> [Record excerpts]:
----------------
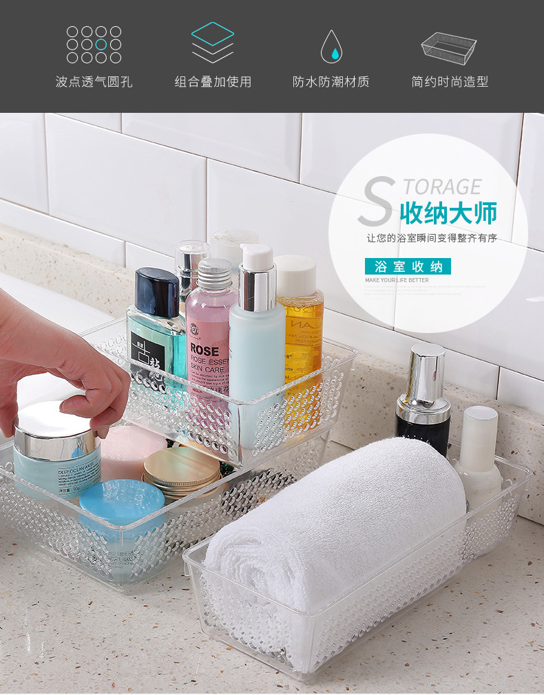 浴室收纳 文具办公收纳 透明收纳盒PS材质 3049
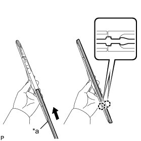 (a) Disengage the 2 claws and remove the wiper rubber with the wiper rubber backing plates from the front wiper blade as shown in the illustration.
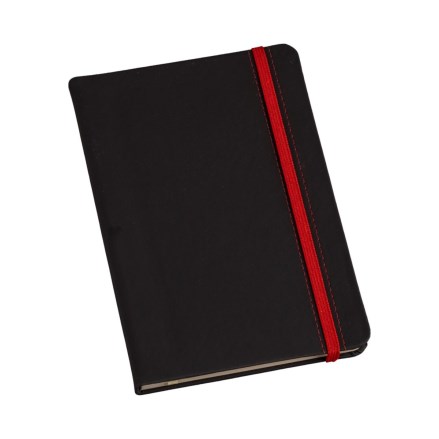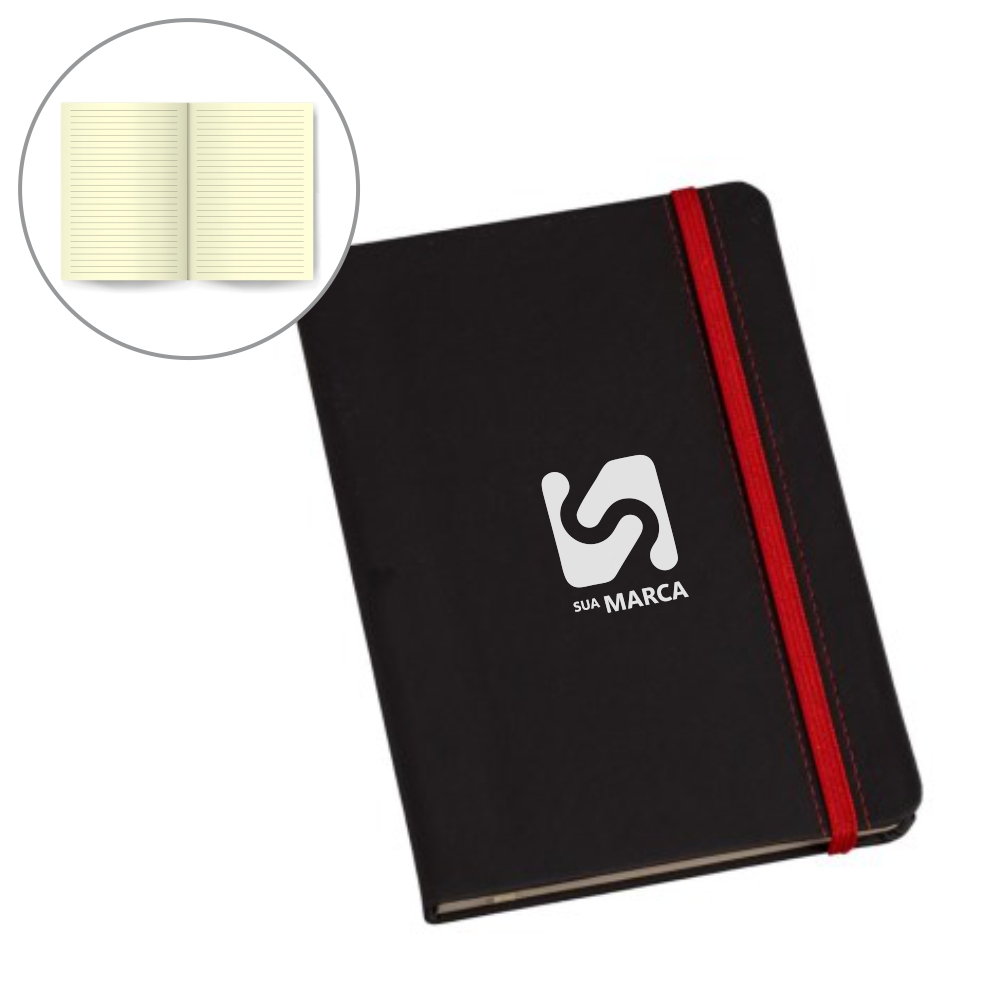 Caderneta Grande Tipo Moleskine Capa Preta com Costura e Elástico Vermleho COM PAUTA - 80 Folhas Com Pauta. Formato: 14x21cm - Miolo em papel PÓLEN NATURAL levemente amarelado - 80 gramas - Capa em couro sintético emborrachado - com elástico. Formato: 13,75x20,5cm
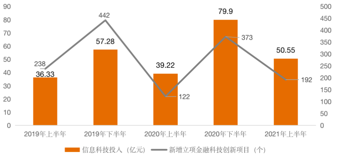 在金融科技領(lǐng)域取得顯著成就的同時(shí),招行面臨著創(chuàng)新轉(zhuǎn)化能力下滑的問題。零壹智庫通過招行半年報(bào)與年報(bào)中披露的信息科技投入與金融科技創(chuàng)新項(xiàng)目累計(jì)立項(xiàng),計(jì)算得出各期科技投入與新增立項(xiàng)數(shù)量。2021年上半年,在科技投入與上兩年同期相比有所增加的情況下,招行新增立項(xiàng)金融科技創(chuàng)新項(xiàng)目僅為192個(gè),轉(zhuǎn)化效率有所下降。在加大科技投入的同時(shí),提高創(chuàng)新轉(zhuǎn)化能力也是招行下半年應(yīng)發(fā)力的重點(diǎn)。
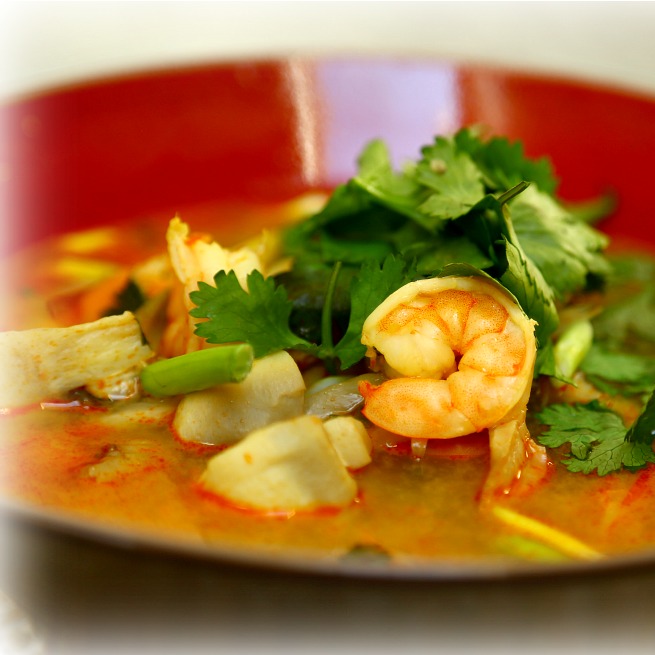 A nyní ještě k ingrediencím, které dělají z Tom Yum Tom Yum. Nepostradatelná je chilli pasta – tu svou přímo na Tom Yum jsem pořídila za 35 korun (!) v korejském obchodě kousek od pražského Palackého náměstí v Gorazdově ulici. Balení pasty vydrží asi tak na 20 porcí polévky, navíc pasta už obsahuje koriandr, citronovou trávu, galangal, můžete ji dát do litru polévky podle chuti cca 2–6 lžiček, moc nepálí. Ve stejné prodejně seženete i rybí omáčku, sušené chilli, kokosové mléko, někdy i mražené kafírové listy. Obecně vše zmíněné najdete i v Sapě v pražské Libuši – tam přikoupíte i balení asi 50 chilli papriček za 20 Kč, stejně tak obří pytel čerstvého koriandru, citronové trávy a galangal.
----------------
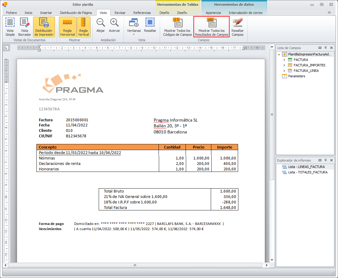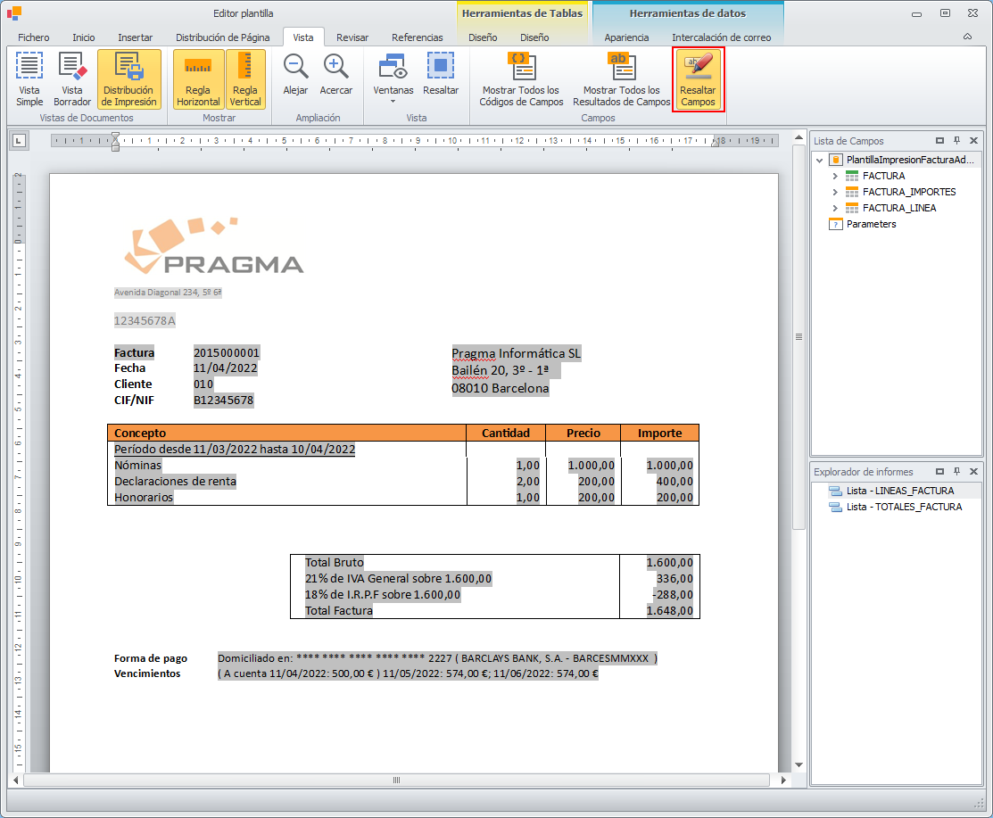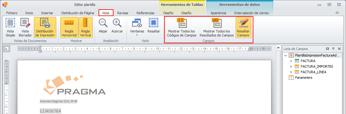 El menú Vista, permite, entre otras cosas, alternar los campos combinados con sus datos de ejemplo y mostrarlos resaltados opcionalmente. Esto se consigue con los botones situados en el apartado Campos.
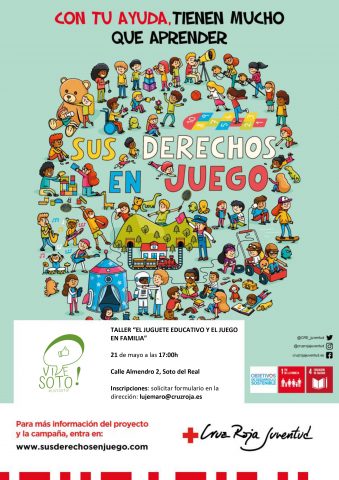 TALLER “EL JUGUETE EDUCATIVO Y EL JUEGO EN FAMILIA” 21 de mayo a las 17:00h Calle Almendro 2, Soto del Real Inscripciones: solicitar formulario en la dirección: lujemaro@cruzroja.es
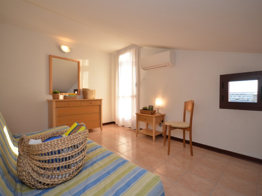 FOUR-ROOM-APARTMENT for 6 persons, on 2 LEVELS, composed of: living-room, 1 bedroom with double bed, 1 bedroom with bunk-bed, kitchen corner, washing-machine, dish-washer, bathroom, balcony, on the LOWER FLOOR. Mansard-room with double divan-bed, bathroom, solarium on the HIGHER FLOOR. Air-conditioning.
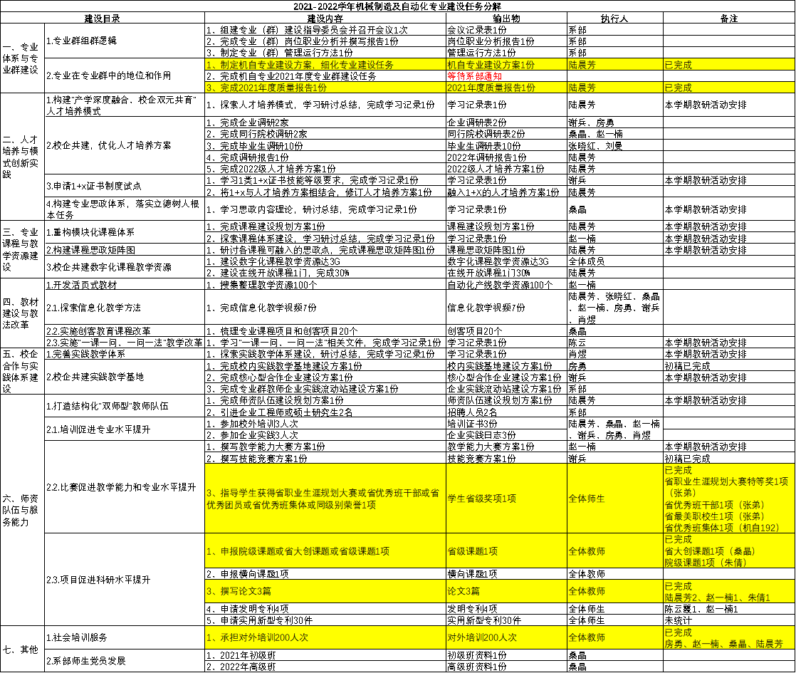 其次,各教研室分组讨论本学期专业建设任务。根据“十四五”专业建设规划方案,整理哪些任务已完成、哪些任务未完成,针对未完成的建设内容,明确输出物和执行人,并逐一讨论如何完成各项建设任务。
----------------
Among the records above, locate the line containing "la dirección: lujemaro@cruzroja.es" and the line containing "其次,各教研室分组讨论本学期", then transcribe exactly the lines starting at the first and ending at the second, with no pictures.

> [Completed exercise]:
 TALLER “EL JUGUETE EDUCATIVO Y EL JUEGO EN FAMILIA” 21 de mayo a las 17:00h Calle Almendro 2, Soto del Real Inscripciones: solicitar formulario en la dirección: lujemaro@cruzroja.es
 FOUR-ROOM-APARTMENT for 6 persons, on 2 LEVELS, composed of: living-room, 1 bedroom with double bed, 1 bedroom with bunk-bed, kitchen corner, washing-machine, dish-washer, bathroom, balcony, on the LOWER FLOOR. Mansard-room with double divan-bed, bathroom, solarium on the HIGHER FLOOR. Air-conditioning.
 其次,各教研室分组讨论本学期专业建设任务。根据“十四五”专业建设规划方案,整理哪些任务已完成、哪些任务未完成,针对未完成的建设内容,明确输出物和执行人,并逐一讨论如何完成各项建设任务。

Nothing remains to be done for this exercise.